Pharmacologic Reduction of Angiographic Vasospasm in Experimental Subarachnoid Hemorrhage: Systematic Review and Meta-Analysis

Subarachnoid hemorrhage (SAH) is an important cause of morbidity and mortality in adult life, and as in so many areas of neuroscience we do not—yet—have much in the way of effective treatments. Subarachnoid hemorrhage is particularly interesting because in many cases neuronal injury occurs after hospital admission, due either to delayed ischemic neurological deficits or to rebleeding; this raises the possibility of initiating treatment before damage occurs, and therefore the opportunity to demonstrating proof of concept for neuroprotection.

The work of Zoerle et al (2012, this issue) on interventions to prevent vasospasm in experimental SAH is important because it seeks to understand how best to use animal data to inform human health. For seven interventions where efficacy in humans is known from systematic reviews (three effective, four not) they find that, taking all the animal data together, all drugs are effective. The sensitivity (100%) and specificity (0%) is similar to previous studies (Perel et al, 2007).
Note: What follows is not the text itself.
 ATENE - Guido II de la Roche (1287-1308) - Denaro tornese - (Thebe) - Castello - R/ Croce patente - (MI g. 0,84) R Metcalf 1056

In all, 55% of animal studies were concordant with the human data, not very much higher than would be expected by chance. However, they suggest that where outcome is measured beyond 3 days then concordance is higher; this interesting hypothesis requires further testing.

This work is also interesting because it broadens the application of meta-analysis in animal models of neurological disease, where translation is most challenging. This technique has now been used for stroke (Nava-Ocampo et al, 2000; Horn et al, 2001), intracerebral hemorrhage (Frantzias et al, 2011), multiple sclerosis (Vesterinen et al, 2010), Parkinson's disease (Rooke et al, 2011), glioma (Amarasingh et al, 2009), and spinal cord injury (Fiore et al, 2012).
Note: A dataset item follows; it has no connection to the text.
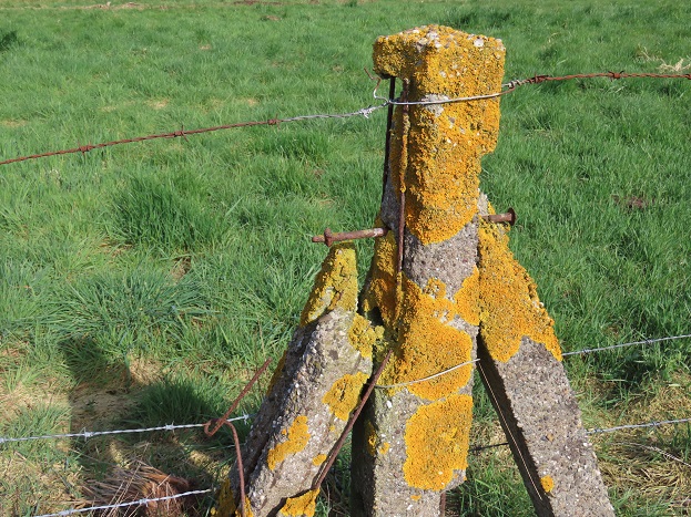 Bij de A7 ter hoogte van Haren-Zuid staat dit vervallend stuk afrastering van gewapend beton uit de jaren vijftig, mooi vanwege de korstmos:

The current work illustrates some emerging themes. First, not all experiments have the most appropriate experimental design, and specifically many do not report simple measures such as randomization or blinding. Second, sample sizes are generally small, and this raises at least the suspicion that in some hands sample size expands until statistical significance is achieved. Third, publication bias is an issue here as elsewhere (Sena et al, 2010), and we need to find effective ways to counter this. Together, these factors argue for a more robust approach to animal modeling with larger, better designed experiments; this is almost certain to require multicenter animal studies (Bath et al, 2009).

This work also illustrates some methodological issues. The statistical tools for meta-analysis were developed to summarize data from large clinical studies where a single summary estimate is meaningful. In contrast, animal studies describe efficacy across a range of circumstances and are usually orders of magnitude smaller. The statistical approaches to meta-analysis perform differently at small sample sizes, and the exploration of sources of heterogeneity in animal studies (testing the significance of observed differences between different groups of experiments) provides a further challenge; with the relative merits of partitioning of heterogeneity and meta-regression being, as yet, unclear. We are only now beginning to understand these methodological challenges, but their solutions will support the application of this important tool, and will help provide evidence to support successful translation.